1. Home
  2. Knowledge Base
  3. ClickHouse
  4. Building a Fault Tolerant ClickHouse Cluster with ZooKeeper
  1. Home
  2. Knowledge Base
  3. ClickHouse DBA
  4. Building a Fault Tolerant ClickHouse Cluster with ZooKeeper
  1. Home
  2. Knowledge Base
  3. ClickHouse Performance
  4. Building a Fault Tolerant ClickHouse Cluster with ZooKeeper
  1. Home
  2. Knowledge Base
  3. ClickHouse Support
  4. Building a Fault Tolerant ClickHouse Cluster with ZooKeeper

Building a Fault Tolerant ClickHouse Cluster with ZooKeeper

Previous post : Setup ClickHouse Cluster Replication with Zookeeper

Using a single-node ZooKeeper instance is suitable during the development and testing phase. However, in production environments, it is recommended to use an odd number of nodes greater than 1 to adhere to the quorum principle.

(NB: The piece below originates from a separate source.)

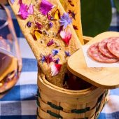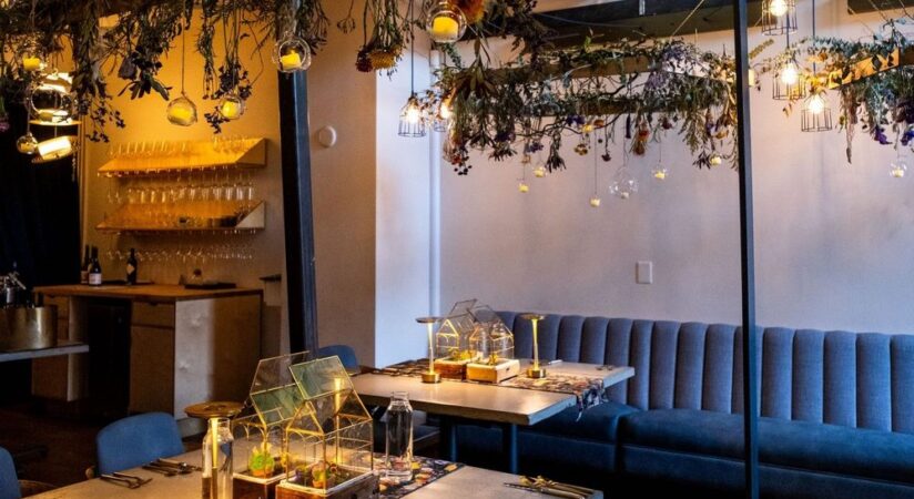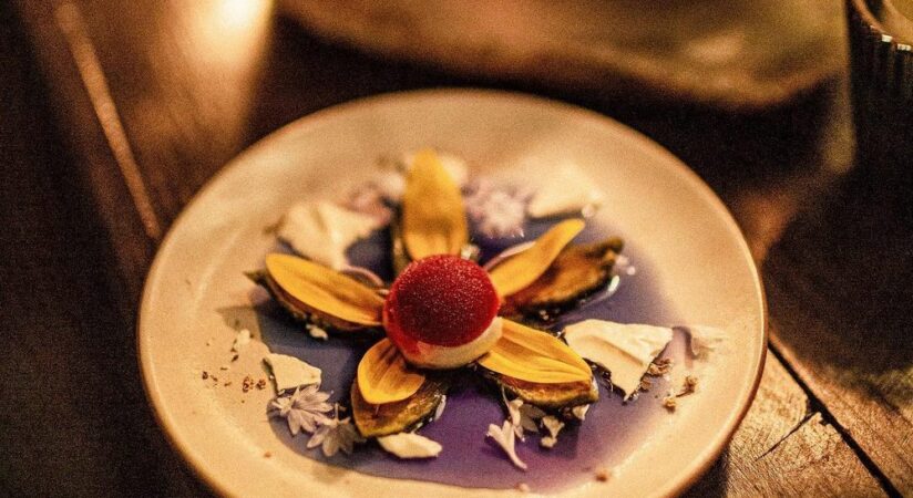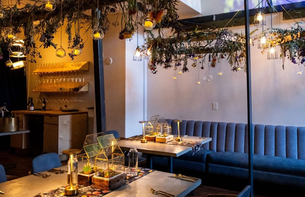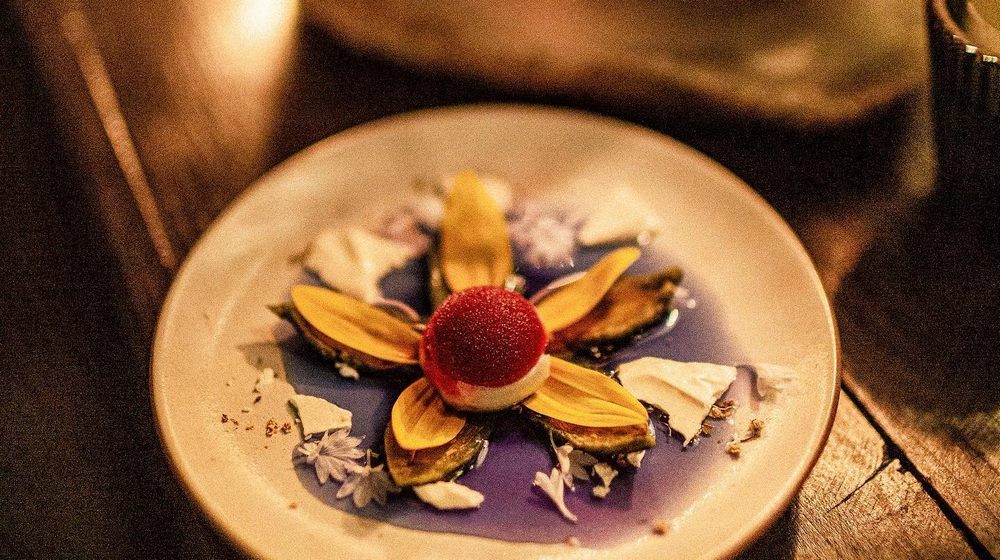 is a boutique fine-dining restaurant. Our menus are heavily theme-driven and immersive. At any given point, our guests could be whisked to the Swiss Alps to scoop up sprinkles of blooms off a green hillside while enjoying a menu of edible flowers, or invited to a Mad Tea Party where they encounter an Apple-of-your-Eye cake featuring a photo of themselves gazing up from the past. Led by Chef Ryan Shelton, we have an intimate team who all work passionately to design recipes, make plates out of various materials, and fastidiously choose wine pairings. Every three months we change our service format, plateware, menus, and decor dramatically to match our theme.

Moreover, adding or removing additional ZooKeeper nodes is possible based on the cluster size and load. To make configuration changes in a ZooKeeper node without any downtime, you can make changes and reboot one node at a time while the other nodes continue serving traffic. This approach helps avoid complete downtime and ensures the service remains available.

Also, It is recommended to have dedicated nodes for the zookeeper cluster and have fast storage (SSD) for daraDir and logDir to avoid latency.

Configure and Start Zookeeper

Install dependencies and zookeeper packages using apt-get and also use hostnamectl utility to set hostname for easy identification.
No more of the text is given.